Greger Larson, of Oxford University, notes that many studies show that Neanderthal DNA and human DNA have mixed. In people today, the amount of Neanderthal DNA varies--from less than one percent to more than two percent depending on heritage.
“Neanderthals and humans are so closely related they are as similar as wolves and coyotes,” he says. And wolves and coyotes readily intermix.
From his work in France, Hardy has also theorized on interbreeding.

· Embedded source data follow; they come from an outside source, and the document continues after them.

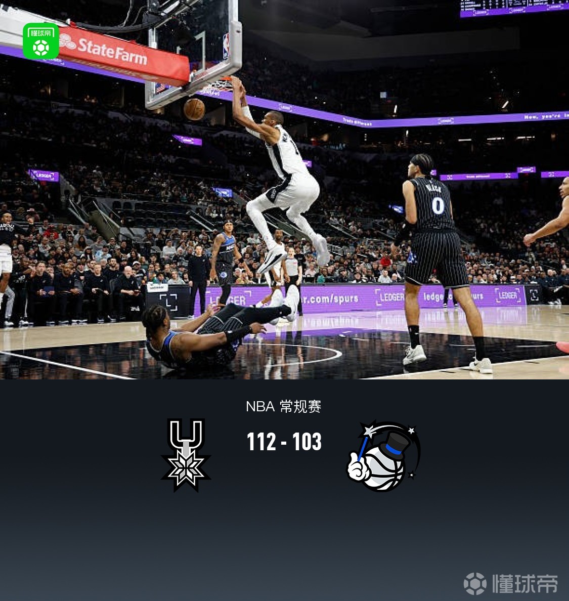 • 马刺6人上双112-103力克魔术,文班亚马25分8板5帽
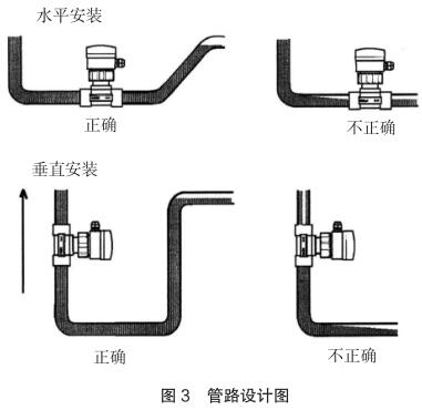 現(xiàn)場(chǎng)安裝時(shí)應(yīng)注意遠(yuǎn)離可能對(duì)其產(chǎn)生干擾的大型設(shè)備,防止長(zhǎng)期的熱輻射和其他如磁場(chǎng)直射等環(huán)境影響。為確保高測(cè)量精度和較好的零點(diǎn)穩(wěn)定性,進(jìn)行校正前,二次供水流量計(jì)應(yīng)裝入工藝介質(zhì)中至少 24 小時(shí)電*鈍化。安裝的管路設(shè)計(jì)應(yīng)確保管道始終充滿(mǎn)流體,防止測(cè)量誤差,管路設(shè)計(jì)圖見(jiàn)圖 3。
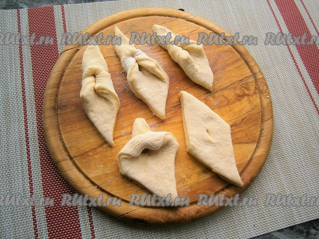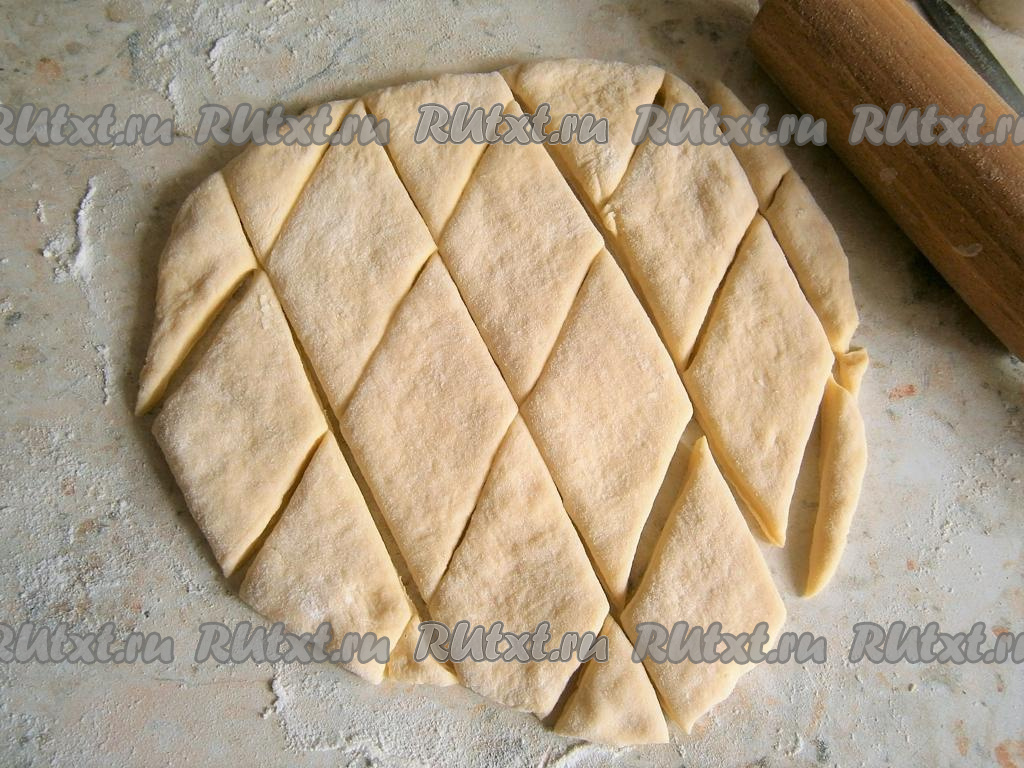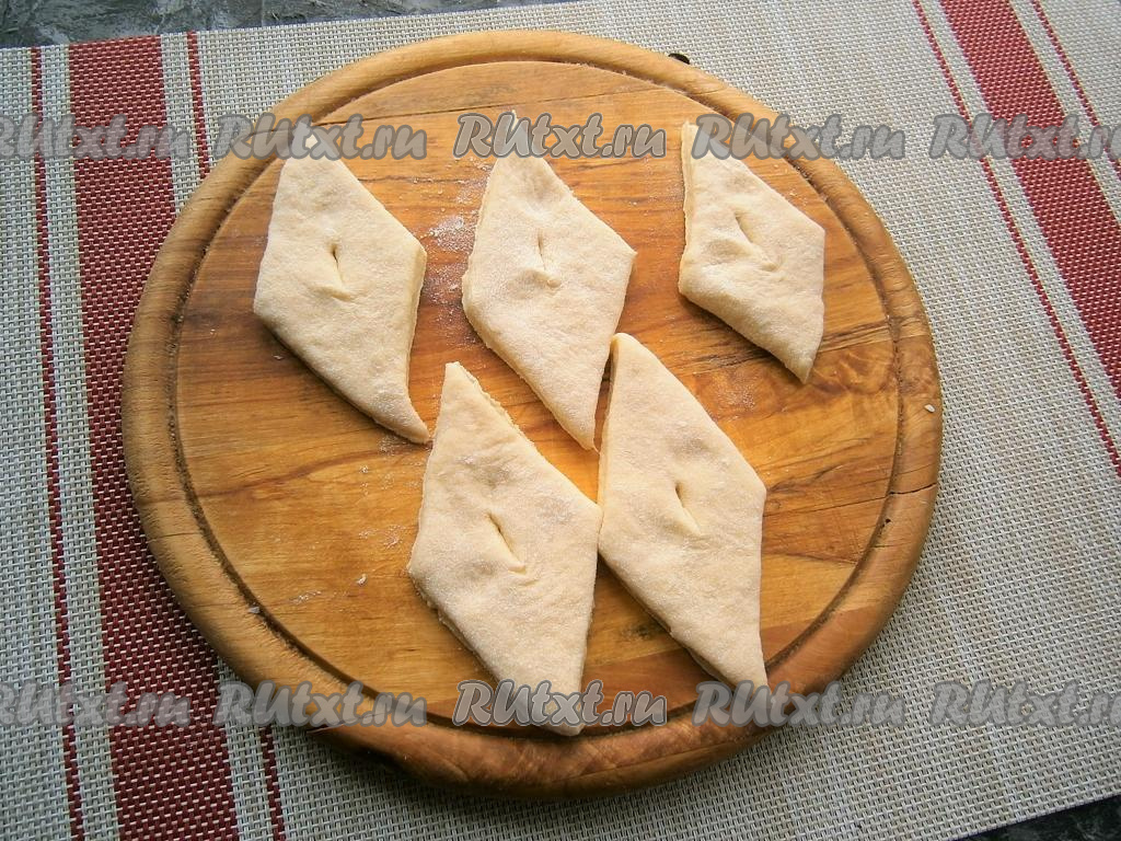 По прошествии времени тесто обмять, разделить на 3-4 части. Каждую часть теста раскатать в пласт (или лепёшку) толщиной около 1 см. Нарезать тесто ромбами.

“To think of something as closely related to us as Neanderthals are, to think that they don’t have symbolic thought when ultimately we are seeing through DNA evidence that they are interbreeding with modern humans’ ancestors—it doesn’t make any sense,” Hardy says. “Why are we going to interbreed with something incapable of symbolic thought?”
Hardy reckons the shared DNA and evidence of interbreeding suggest something further.
“At some level, we’re not really talking about Neanderthals going extinct, he says. “We’re talking about assimilation, where part of the Neanderthal genome is brought into the modern human.”
Or as Larson puts it, if Neanderthals were alive today, they could blend in on a bus in any city, particularly in Europe or West Asia.
The discoveries at Shanidar Cave and elsewhere add that not only would the Neanderthals blend in, but any one of them might give up a seat for a less able passenger. Or hold the door.
Barker hopes Shanidar Cave will continue to reveal more answers. Every scrape of the trowel, every swish of the brush, every microscopic soil analysis promises clues to come.